A secondary `Discard` ghost button appears adjacent to the primary button whenever the form has unsaved local edits. It resets form fields to DB-saved values.

**Net-new first-deploy flow** — clicking Save on a net-new form creates the app record, uploads the JAR as version 1, persists container + agent config, and routes to `/apps/:slug`. It does **not** deploy. The transition lands the user on the same page in existing-app mode with the button showing `Redeploy`. This is the deliberate trade-off for unifying the button label across modes.

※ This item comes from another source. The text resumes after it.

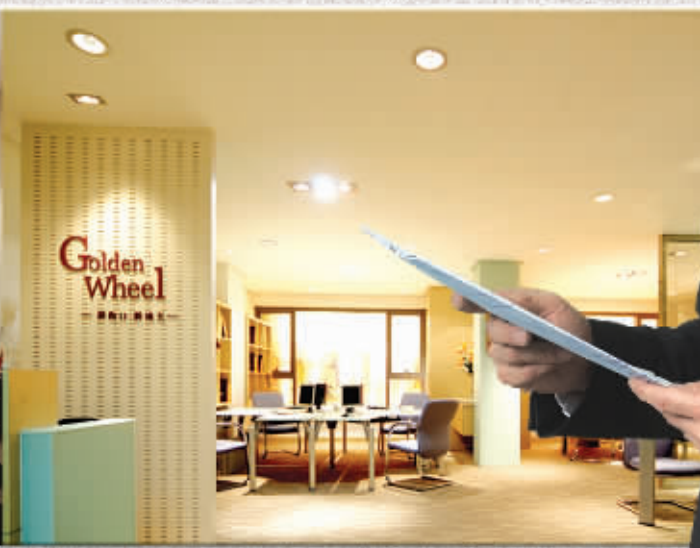
五星品质办公准现房,市中心的珍罕办公区

### Traces & Taps + Route Recording — live-apply tabs

These tabs remain on the Deployment page (single-source-of-truth for the full config) but are visually distinguished:

- A persistent info banner at the top of each: *"Live controls — changes apply immediately to running agents and do not participate in the Save/Redeploy cycle."*
- Tab labels carry a `●` live indicator.
- Editors remain fully interactive — user still manages processors and route recording from this page.
- These tabs' writes do **not** flip the dirty indicator; the primary button is unaffected.

### Deployment tab

Auto-activates when the user clicks Redeploy (and when landing on a page whose app currently has a STARTING deployment).

Contents top-to-bottom:

1. **Current deployment card** — status badge + `StatusDot`, version, JAR filename, JAR checksum (short), replica count, external URL (linkified when RUNNING), deployed-at timestamp. Action buttons: `Stop` (RUNNING/STARTING/DEGRADED), `Start` (STOPPED).
2. **Progress bar** — only rendered when `status === STARTING`. Existing `DeploymentProgress` 7-stage step indicator, unchanged.
3. **Startup log panel** — existing `StartupLogPanel`, uses `useStartupLogs` (3s polling while STARTING).
   - Flex-grow inside the tab: fills whatever vertical space is left after the status card, progress bar, and history disclosure.
   - Minimum height ~200px. Internal scroll on overflow.
   - Does **not** auto-close on success or failure. Remains mounted until the user navigates away or a newer deploy replaces its content.
4. **History disclosure** (collapsed by default) — compact table of past deployments: timestamp, version, status, duration, started by. Row click expands its startup log inline (lazy-loaded). This is also the raw JAR-version-history affordance.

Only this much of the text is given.